Open-Vocabulary 3D Semantic Segmentation with Text-to-Image Diffusion Models

Xiaoyu Zhu,Hao Zhou,Pengfei Xing,Long Zhao,Hao Xu,Junwei Liang,Alexander Hauptmann,Ting Liu,Andrew Gallagher
2024-07-19
Abstract:In this paper, we investigate the use of diffusion models which are pre-trained on large-scale image-caption pairs for open-vocabulary 3D semantic understanding. We propose a novel method, namely Diff2Scene, which leverages frozen representations from text-image generative models, along with salient-aware and geometric-aware masks, for open-vocabulary 3D semantic segmentation and visual grounding tasks. Diff2Scene gets rid of any labeled 3D data and effectively identifies objects, appearances, materials, locations and their compositions in 3D scenes. We show that it outperforms competitive baselines and achieves significant improvements over state-of-the-art methods. In particular, Diff2Scene improves the state-of-the-art method on ScanNet200 by 12%.
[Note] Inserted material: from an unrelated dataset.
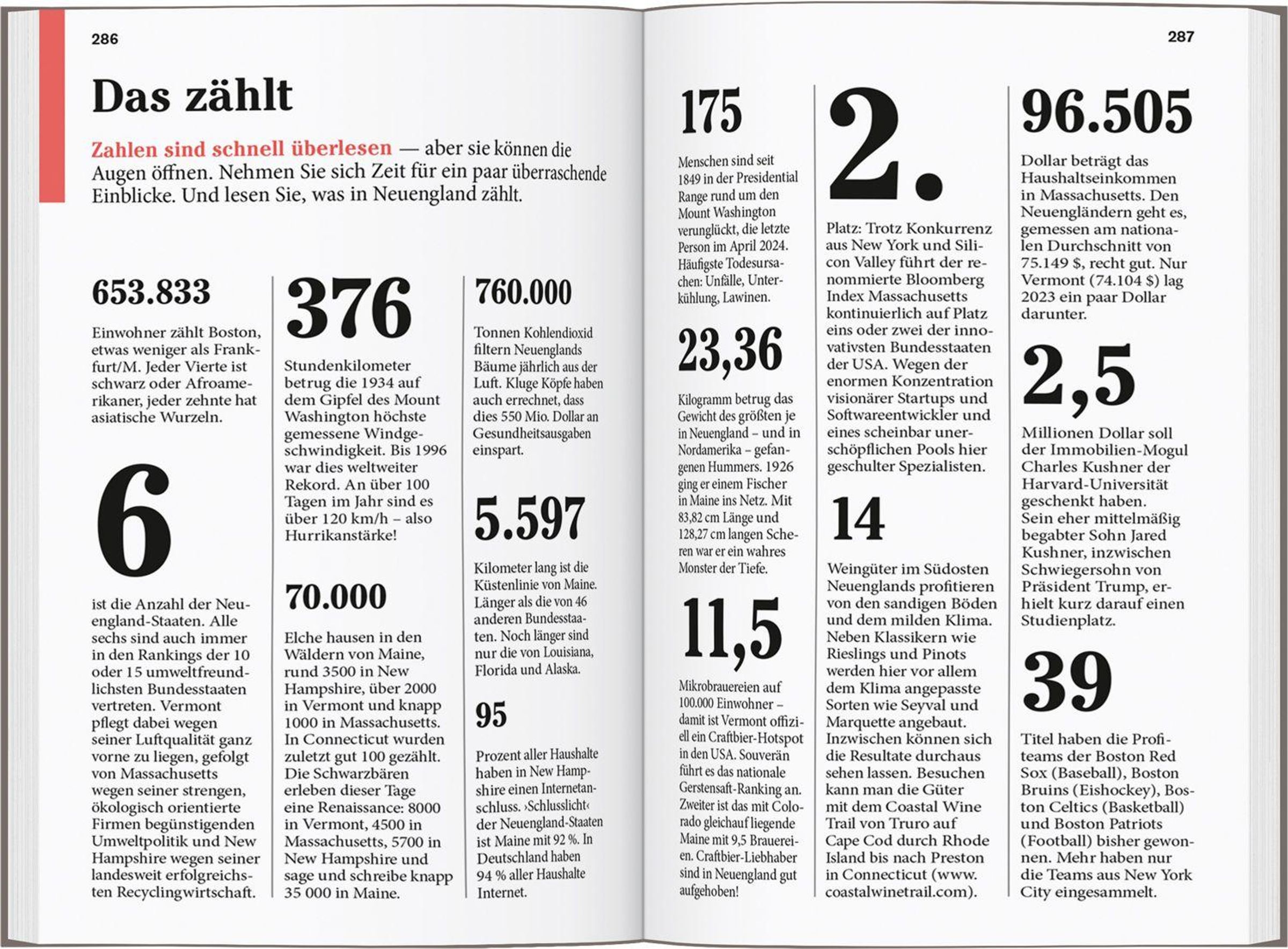 Oft europäischer als jede andere Region der USA - und doch ¿amerikanischer¿ als sie alle: Wie kriegt Neuengland das hin? Die aus den Bundesstaaten Massachusetts, Maine, New Hampshire, Vermont, Connecticut und Rhode Island bestehende Region im Nordosten der Vereinigten Staaten hält als eines der schönsten und interessantesten Reiseziele für alle, die Amerika wirklich verstehen wollen, etliche Aha-Erlebnisse bereit. Und für alle, die sich in den Great Outdoors, sei es auf den härtesten Hikingtrails in den White Mountains, den endlosen Wäldern Maines oder den schönsten Küsten im Osten, verlieren wollen, Überdosen an frischer Luft, Adrenalin und Muskelkater. Folgen Sie einfach den Touren und Lieblingsorten von Ole Helmhausen.

Computer Vision and Pattern Recognition
What problem does this paper attempt to address?
The problems that this paper attempts to solve are 3D semantic segmentation and visual localization tasks in an open - vocabulary setting. Specifically, existing 3D semantic understanding models are usually trained in a closed - set, that is, they can only predict the classes that have appeared in the training set. However, in practical applications, we hope to be able to handle unseen classes and complex combined queries (for example, "find the white sneakers closer to the office chair"). To this end, this paper proposes a new method named Diff2Scene, aiming to achieve 3D semantic segmentation in an open - vocabulary setting through text - to - image diffusion models. ### Core of the problem 1. **3D semantic segmentation in an open - vocabulary setting**: How to handle unseen classes and complex combined queries without annotated 3D data. 2. **Lack of annotated data**: Data of 3D point clouds and their dense labels are very scarce, which limits the training and generalization ability of the model. ### Solutions To address the above challenges, the paper proposes the following solutions: - **Utilizing pre - trained diffusion models**: Diff2Scene utilizes pre - trained text - to - image diffusion models (such as Stable Diffusion). These models have been trained on large - scale text - image pairs and are thus able to generate rich semantic representations. - **Mask distillation method**: A new mask distillation method is proposed to transfer the knowledge of the 2D branch (a 2D semantic segmentation model based on the diffusion model) to the 3D branch (a geometry - aware 3D mask model). This method does not require any annotated 3D data. - **Multimodal fusion**: Combine the saliency patterns in RGB images and the geometric information in point clouds to generate high - quality 3D semantic segmentation results. ### Formula explanation The formulas involved in the paper are mainly used to describe the specific operations of the model, for example: - Calculate the inner product between 3D features and 2D mask embeddings to generate logits: \[ S_i=\langle F_{3d}, f_{2d}^i\rangle \] - Use cosine similarity as the multimodal mask distillation loss function: \[ L = \sum_{i = 1}^{N}1-\cos(B_{3d}^i, B_{3d}'^i) \] Through these methods, Diff2Scene can effectively perform 3D semantic segmentation in an open - vocabulary setting and has achieved results significantly better than existing methods on multiple benchmark datasets.